## COLLECTED DATA
++++++++
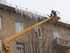 В Левобережном районе продолжаются работы по удалению наледи с кровли многоквартирных домов
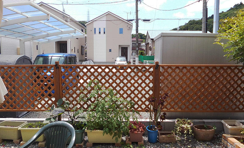 もともとご自分でホームセンターで購入された木製フェンスがありましたが、高さが低かったために家中のキッチンから、外の通行人と視線が合うような状況でしたので、ご不満を解消する為、新設は柱をロング柱を使用し、家中のキッチンから通行人が、見えない高さを確認しフェンスを取付しました。フェンスはLIXIL製品を使用。アンティークで非常にオシャレで、こだわりのある外観になりました。
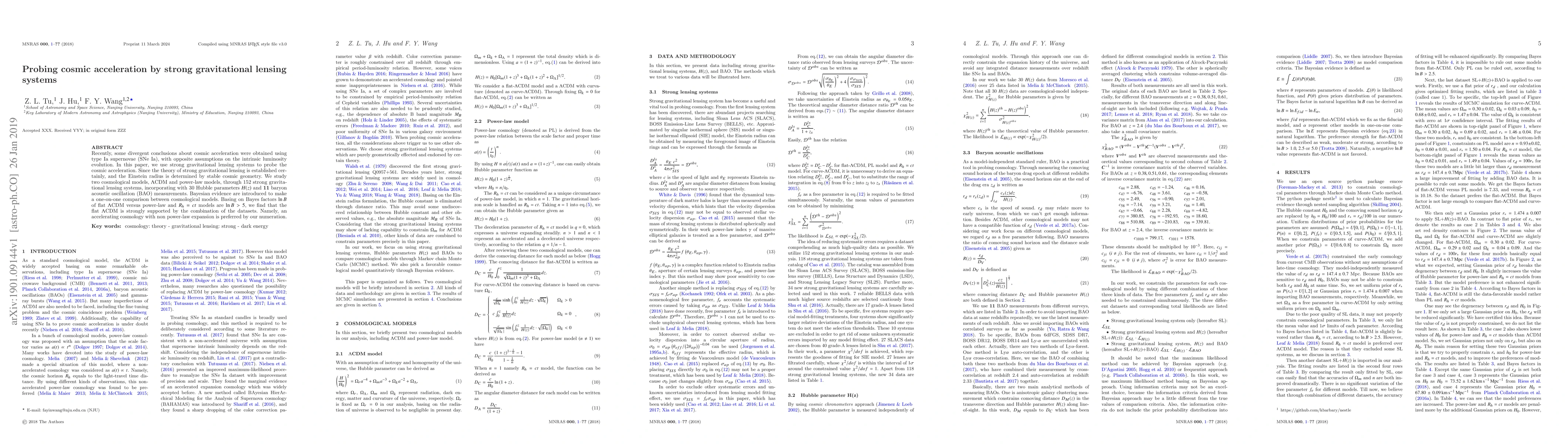 This paper investigates cosmic acceleration using strong gravitational lensing systems, comparing the $\Lambda$CDM model with power-law models. The analysis supports the $\Lambda$CDM model, indicating an accelerating universe with non-power-law expansion, based on Bayesian evidence and high Bayes factors.
++++++++
## WORK REQUEST
Write out, word for word, the lines running from the one containing "もともとご自分でホームセンタ" to the end of the data above; the pictures are to be left out.

## REPLY
 もともとご自分でホームセンターで購入された木製フェンスがありましたが、高さが低かったために家中のキッチンから、外の通行人と視線が合うような状況でしたので、ご不満を解消する為、新設は柱をロング柱を使用し、家中のキッチンから通行人が、見えない高さを確認しフェンスを取付しました。フェンスはLIXIL製品を使用。アンティークで非常にオシャレで、こだわりのある外観になりました。
 This paper investigates cosmic acceleration using strong gravitational lensing systems, comparing the $\Lambda$CDM model with power-law models. The analysis supports the $\Lambda$CDM model, indicating an accelerating universe with non-power-law expansion, based on Bayesian evidence and high Bayes factors.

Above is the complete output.